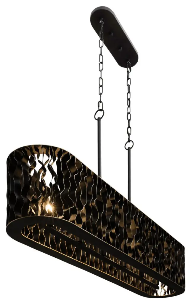 In their journeys through the Smithsonian Pollinator Garden, the designers at Varaluz reminisced about the many trails explored, both figuratively and literally. The word "estela" is a translation for the word "trail," and this collection takes its inspiration from many of them and the nature surrounding them. Now all paths have converged in the Estela collection. We invite you to wander the cascading paths created by this new collection, where you''re sure to find your own path to enlightenment. For anyone looking for an inspired modern fixtures design, all trails lead to Varaluz. Estela features doubled up recycled wavy steel vanes finished in black with a slight gold edging inspired by the beauty of the Monarch butterfly. Smithsonian Collaboration. Repurposed Galvanized Steel. Hand-finished in Matte Black with French Gold Details.
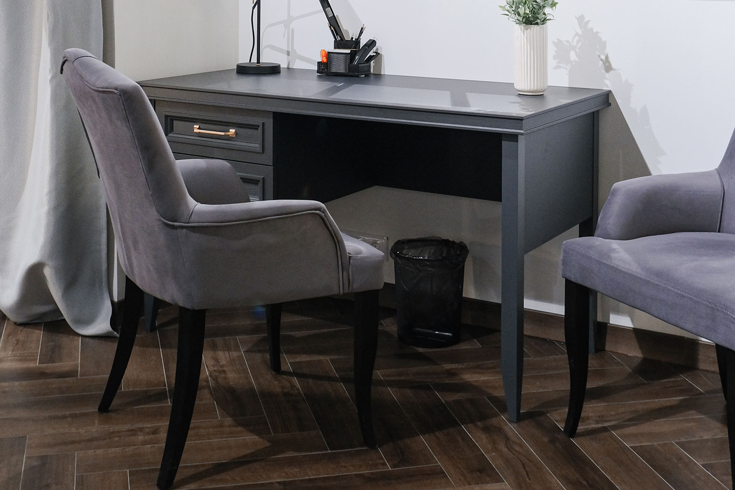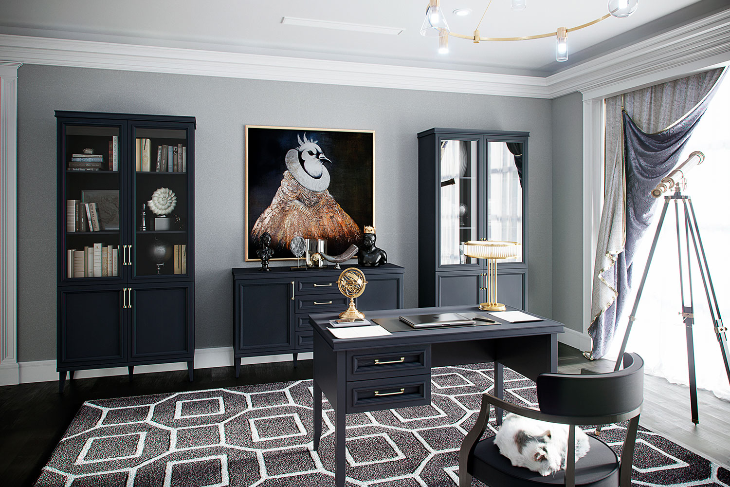– описание: стиль английский, неоклассика, размер 78x130x65 см, цвет серый уголь, назначение для работы, для дома.
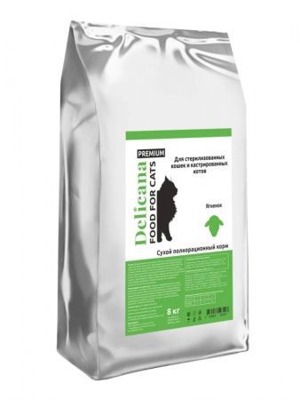 Delicana Сухой полнорационный корм для стерилизованных кошек и кастрированных котов с ягненком.
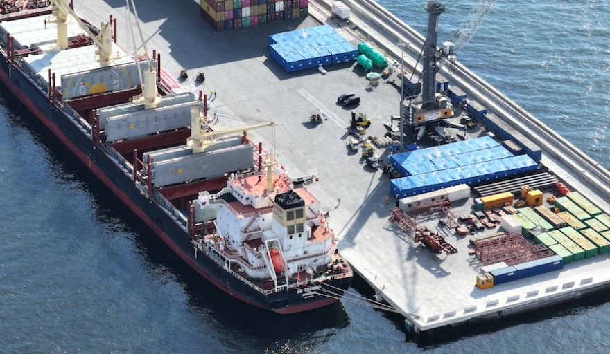 Durante la recalada, se transfirieron 64 baterías BESS con un peso total de 2.700 toneladas, equipos que están destinados al desarrollo del proyecto fotovoltaico Estepa, consolidando al puerto como un punto clave para la infraestructura energética regional.

——

WHAT IS REQUIRED ▸
Give the listing again word for word, but drop every picture.

RESPONSE ▸
 In their journeys through the Smithsonian Pollinator Garden, the designers at Varaluz reminisced about the many trails explored, both figuratively and literally. The word "estela" is a translation for the word "trail," and this collection takes its inspiration from many of them and the nature surrounding them. Now all paths have converged in the Estela collection. We invite you to wander the cascading paths created by this new collection, where you''re sure to find your own path to enlightenment. For anyone looking for an inspired modern fixtures design, all trails lead to Varaluz. Estela features doubled up recycled wavy steel vanes finished in black with a slight gold edging inspired by the beauty of the Monarch butterfly. Smithsonian Collaboration. Repurposed Galvanized Steel. Hand-finished in Matte Black with French Gold Details.
– описание: стиль английский, неоклассика, размер 78x130x65 см, цвет серый уголь, назначение для работы, для дома.
 Delicana Сухой полнорационный корм для стерилизованных кошек и кастрированных котов с ягненком.
 Durante la recalada, se transfirieron 64 baterías BESS con un peso total de 2.700 toneladas, equipos que están destinados al desarrollo del proyecto fotovoltaico Estepa, consolidando al puerto como un punto clave para la infraestructura energética regional.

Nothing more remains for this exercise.